Im Urteil erwähnte das Gericht:
- Während den 1930er Jahren waren weniger als zehn Prozent der Weizenproduktion für den Export bestimmt, in den 1920er Jahren wurde im Schnitt mehr als ein Viertel des Weizens exportiert. Das Überangebot führte dazu, dass Getreidesilos sich weigerten, den Weizen anzunehmen, und auch die Bahnen lehnten es alsbald ab, Weizen zu transportieren – da der Weizen sonst in Güterwaggons gelagert würde.

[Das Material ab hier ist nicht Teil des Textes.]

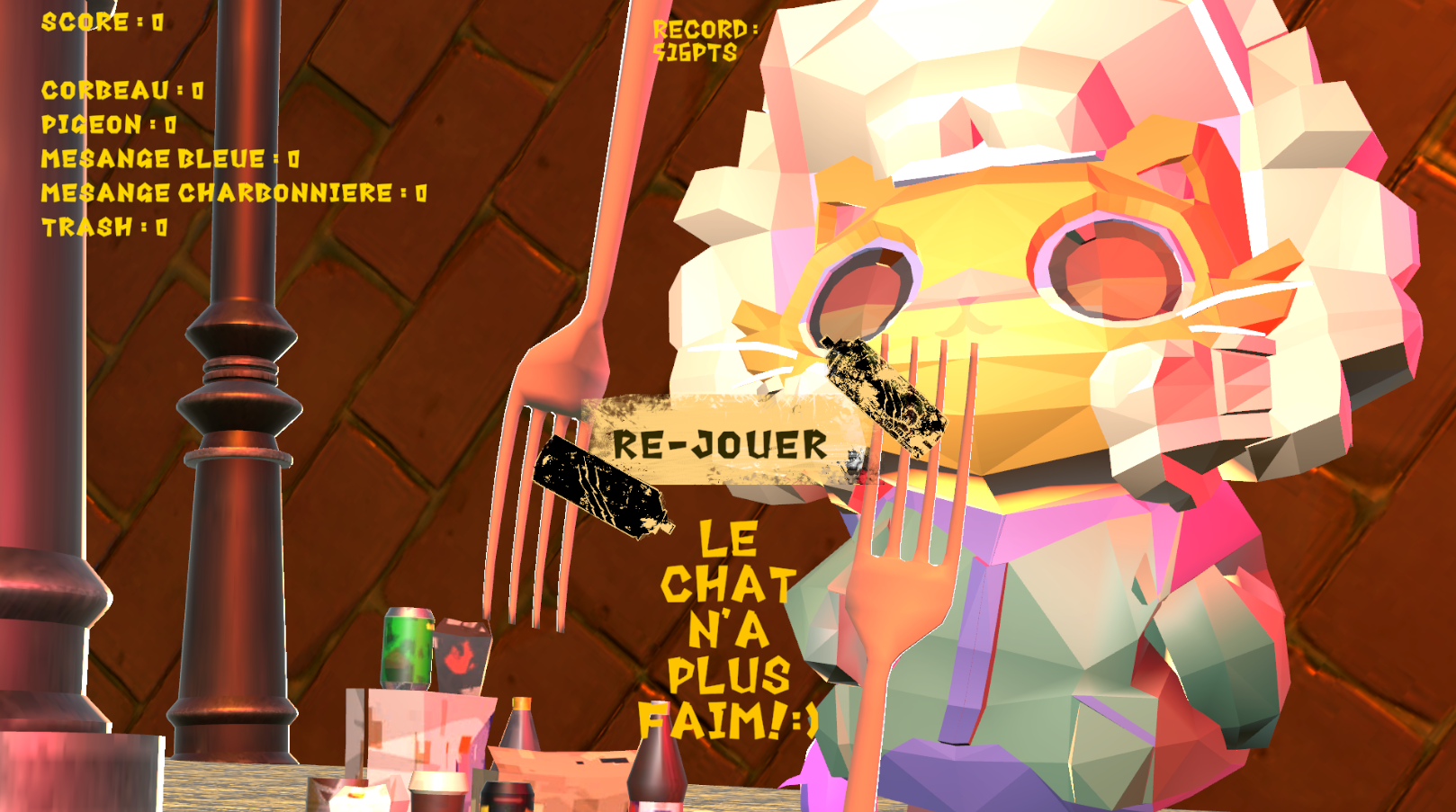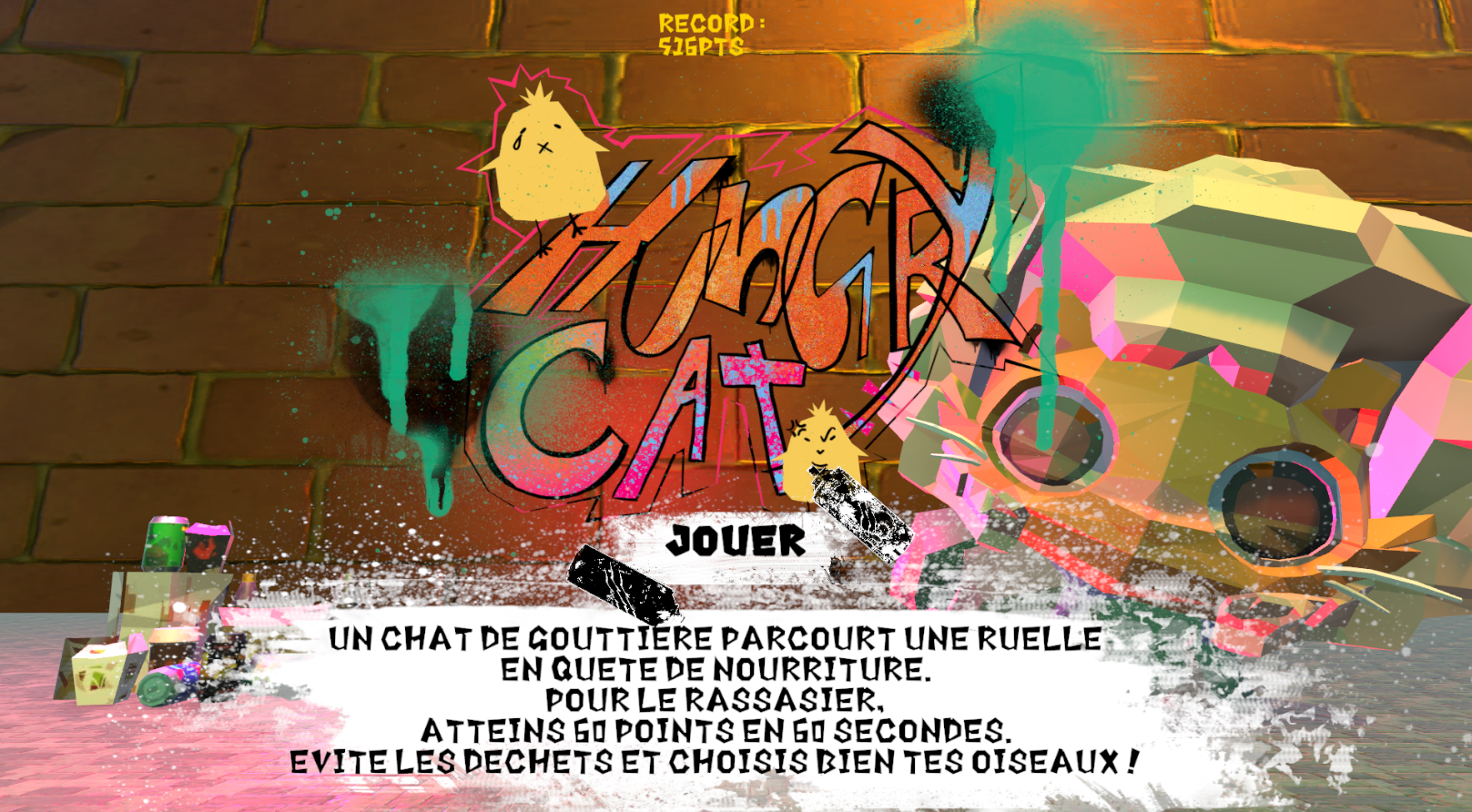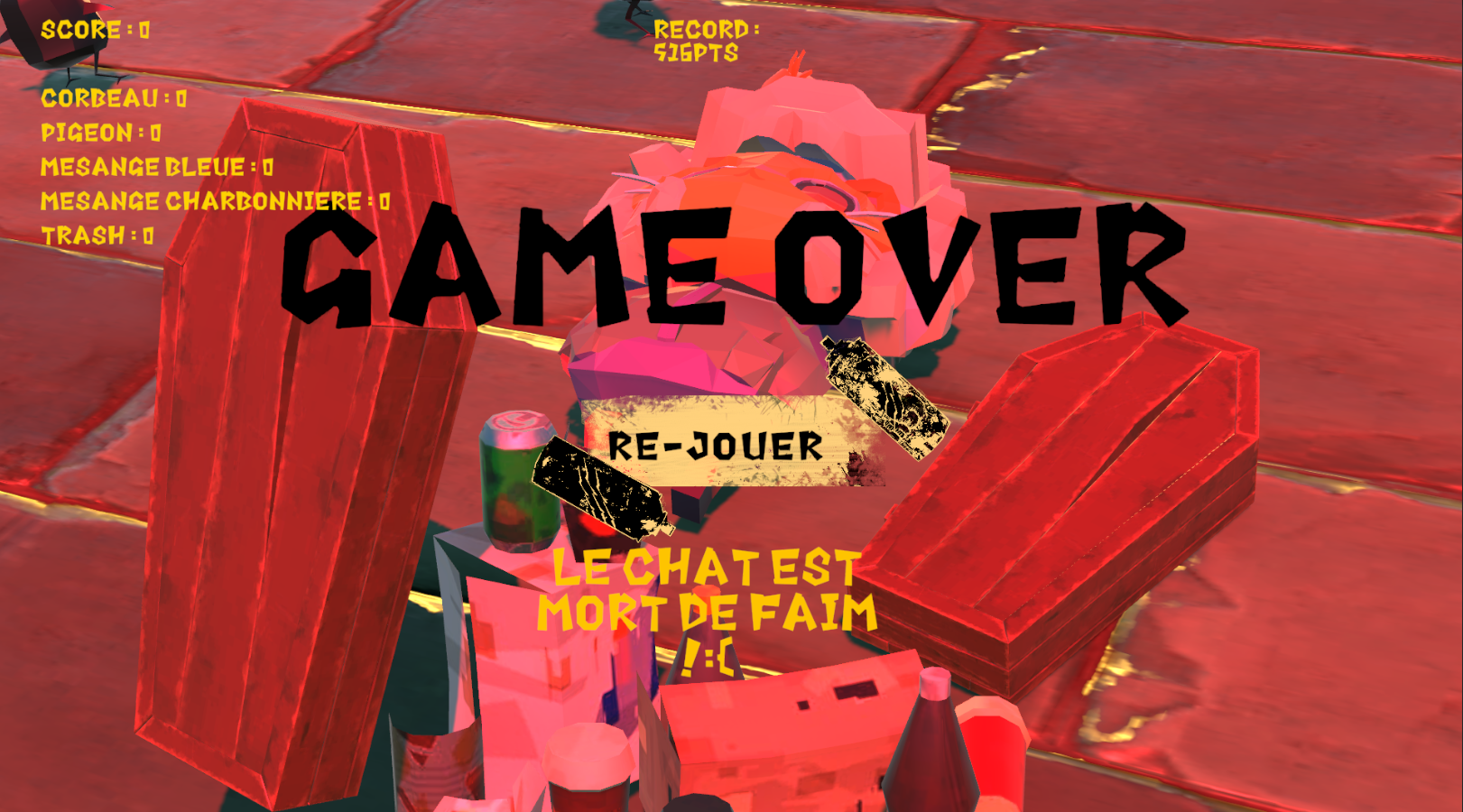 Réalisation d’un petit jeu Unity en cours de développement où un chat doit attraper des oiseaux pour survivre. Les assets 3D viennent principalement de Sketchfab et ont été retravaillés sur Blender.Le logo a été créé sur Photoshop.

- Zahlreiche Weizen exportierende Länder versuchten, unter anderem Argentinien, Australien, Kanada und die Vereinigten Staaten selbst, mit Programmen den Weizenpreis zu stützen. Im Jahr 1941 erhielten Bauern, die mit dem Agricultural Adjustment Program kooperierten, einen durchschnittlichen Pris von $1,16 pro bushel, während der Weltmarktpreis $0,40 betrug.
Roscoe Filburn war ein Bauer in einem heute suburbanen Gebiet von Dayton, Ohio. Er gab zu, mehr Weizen zu produzieren als vom Programm vorgeschrieben, aber argumentierte, dass der Weizen dem eigenen Verbrauch diene, und letztlich auch nicht für den zwischenstaatlichen Handel bestimmt sei und somit gar nicht die Kompetenz des nationalen Gesetzgebers betreffe. Nach der behördlichen Einschätzung durfte Filburn auf 4,5 Hektaren (11,1 acres) Weizen anbauen und 1,4 Tonnen/Hektar Weizen ernten. Er säte jedoch auf 9,3 Hektaren Weizen an, und erntete 6,5 Tonnen zu viel.
Vorherige Instanz
[Bearbeiten | Quelltext bearbeiten]Der Federal District Court urteilte zunächst zu Gunsten Filburns und stützte sich im Wesentlichen auf Aussagen des Landwirtschaftsministers, der für die Verabschiedung des Agricultural Adjustment Act warb. Danach hätten die Produzenten das Recht, verbindliche Produktionsquoten selbst festzulegen, was aber nie geschah.
Die Entscheidung des Supreme Court
[Bearbeiten | Quelltext bearbeiten]Die Bundesregierung zog den Fall an den Supreme Court weiter, welches das Urteil der vorherigen Instanz als einen manifest error, einen offenbaren Fehler, bezeichnete. Der Fall fiel auch in die Zeit nach dem Angriff auf Pearl Harbor (7. Dezember 1941), ein Ereignis, welche die amerikanische Bevölkerung hinter dem Präsidenten vereinigte. Ebenso spielte eine Rolle, dass Präsident Franklin D. Roosevelt acht der neun damaligen Richter ernannt hatte.
Wie oben beschrieben, folgte der Supreme Court der Argumentation des Wirtschaftsministeriums – nämlich dass für den Eigengebrauch hergestellte Güter den Preis für gehandelte Güter beeinflussen, indem diese Güter nicht auf dem freien Markt eingekauft werden müssen. Daher könne die Bundesregierung, wenn eine gesetzliche Grundlage für die Regulation gehandelter Güter besteht, auch den Anbau nicht-kommerzieller Waren regeln.
Folgen
[Bearbeiten | Quelltext bearbeiten]Mit Wickard v. Filburn begann eine Ära, in welcher der Supreme Court in Angelegenheiten der Commerce Clause die Macht des Kongresses auf keine Weise einschränkte. Dies änderte sich mit dem Fall United States v. Lopez, der 1995 entschieden wurde. In jenem Fall entschied der Supreme Court, dass das Tragen einer Handfeuerwaffe in der Nähe einer Schule keine kommerzielle Angelegenheit sei, die unter die gesetzgeberische Kompetenz des Kongresses falle. (Lopez, ein Schüler, trug einen ungeladenen Revolver auf sich; für eine Entschädigung von 44 Dollar hatte er den Auftrag, die Waffe einer anderen Person zu überbringen.) United States v. Lopez wurde allerdings mit 5:4 Stimmen sehr knapp entschieden, und die Minderheitsmeinung legte dar, dass Schusswaffengewalt einzelner Täter sehr wohl einen (kumulativen) Einfluss auf die Wirtschaft habe, wonach der Kongress dazu berechtigt sei, hier gesetzgeberisch einzugreifen.